Training technique where we fine-tune a pre-trained LLM on human feedback. The process starts with creating a reward model, which is a separate model that takes in a generated output from an LLM, and outputs a score (how good the input text is). The dataset to train the reward model is usually collected by users giving feedback on LLM responses, either live or offline. Once a reward model has been trained, it is then used as a reward function to fine-tune the pre-trained LLM. See this blog post for an in-depth discussion of how RLHF works.

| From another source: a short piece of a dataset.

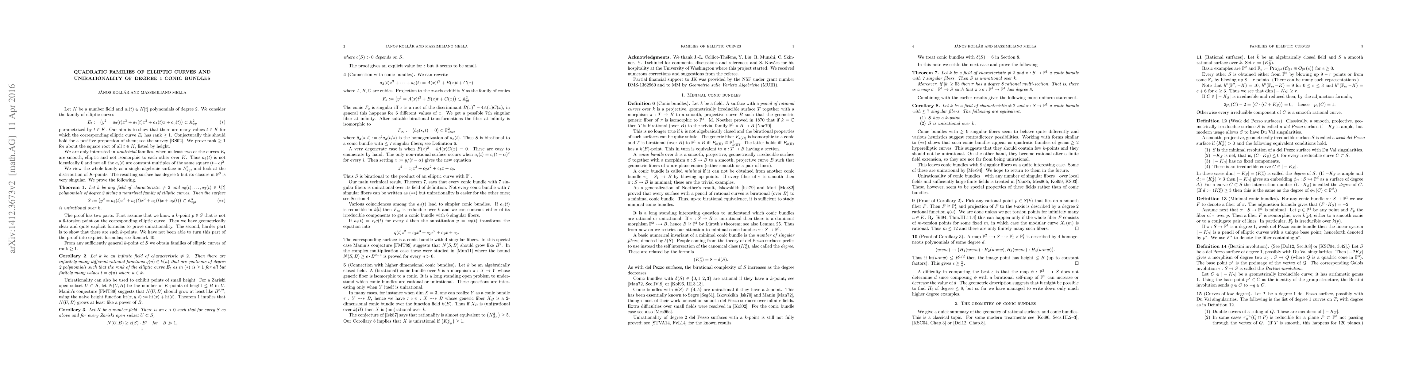 Summary: This paper studies elliptic curves defined by quadratic families and proves that for many values of t, these curves have a rank of at least 1. It shows that these curves form a birational surface modeled by a conic bundle with 7 singular fibers, proving the unirationality of such conic bundles. Additionally, a correction for the main theorem is provided for small finite fields.
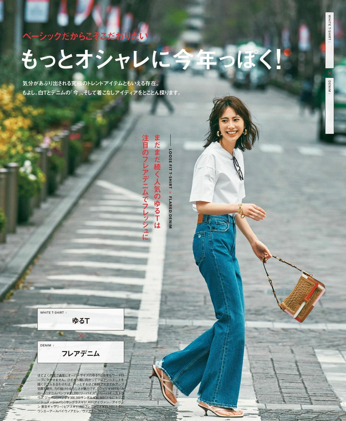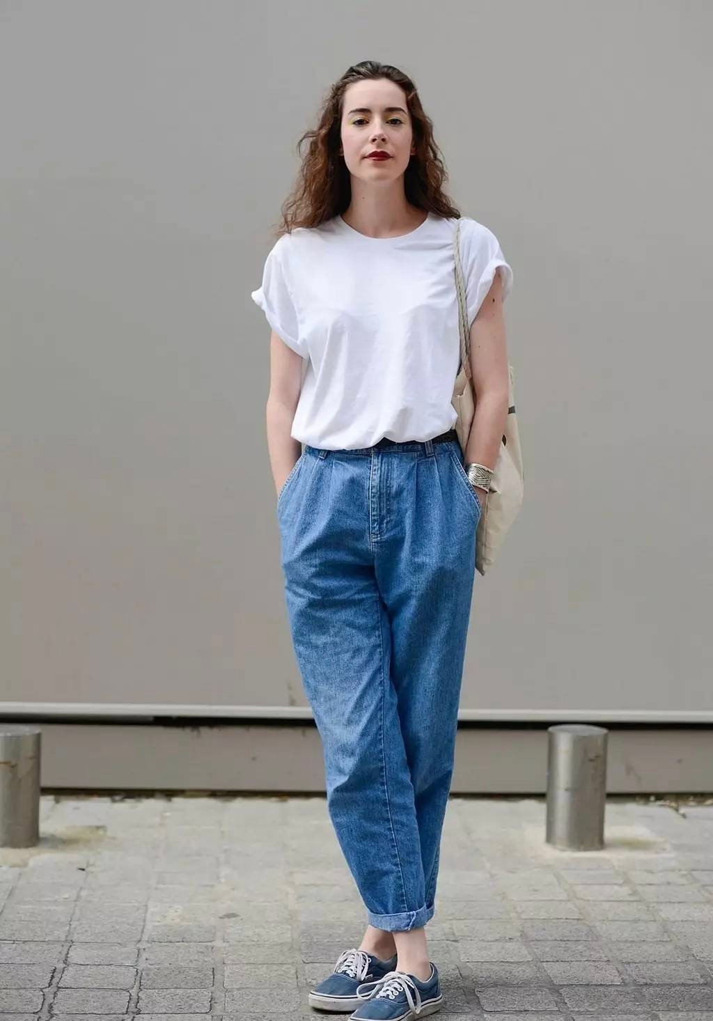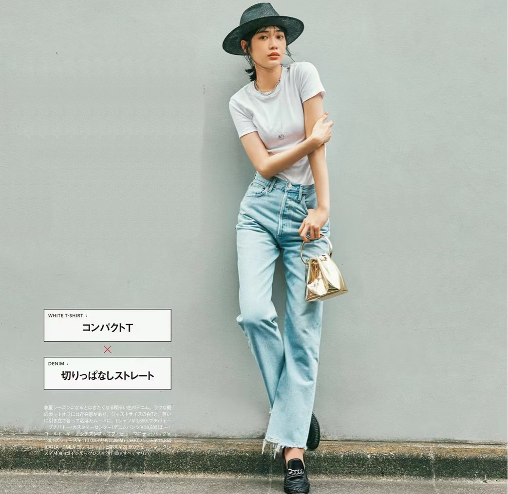 In addition to casual style, white T-shirts and jeans can also create an elegant style. It should be noted that you must choose a slightly slim white T-shirt to match with loose straight jeans.

Low-Rank Adaptation (LoRA)

Efficient fine-tuning method where to original weights are kept frozen, and only a small 'update matrices' (hence adaptation) is trained on top of the original weights. Those 'update matrices' are generally added to the attention layers. Instead of full matrices, rank-decomposition matrices (hence low-rank) are trained, which have significantly fewer parameters. LoRas require a lot less memory to train, and are very portable, both due to the small number of parameters. They can be applied also for multi-modal modals, e.g. in stable diffusion models, LoRA is applied in the cross-attention layers of the denoising U-Net (where image and text prompt connect).

LangChain

Open-source library that makes it easy to build GenAI applications. It has integration for most common tools like APIs, databases, memory, etc. and makes the connection of those tools very easy. By chaining a sequence of calls, complex logic that goes beyond a single LLM call can be built easily: Routing, RAG, memory, agents, etc.

LlamaIndex

Open-source library often used to build LLM apps (any LLM integration, not limited to LLaMA). It specializes in connecting private or domain-specific data to LLMs. This includes data ingestion, structuring, indexing, retrieval, etc.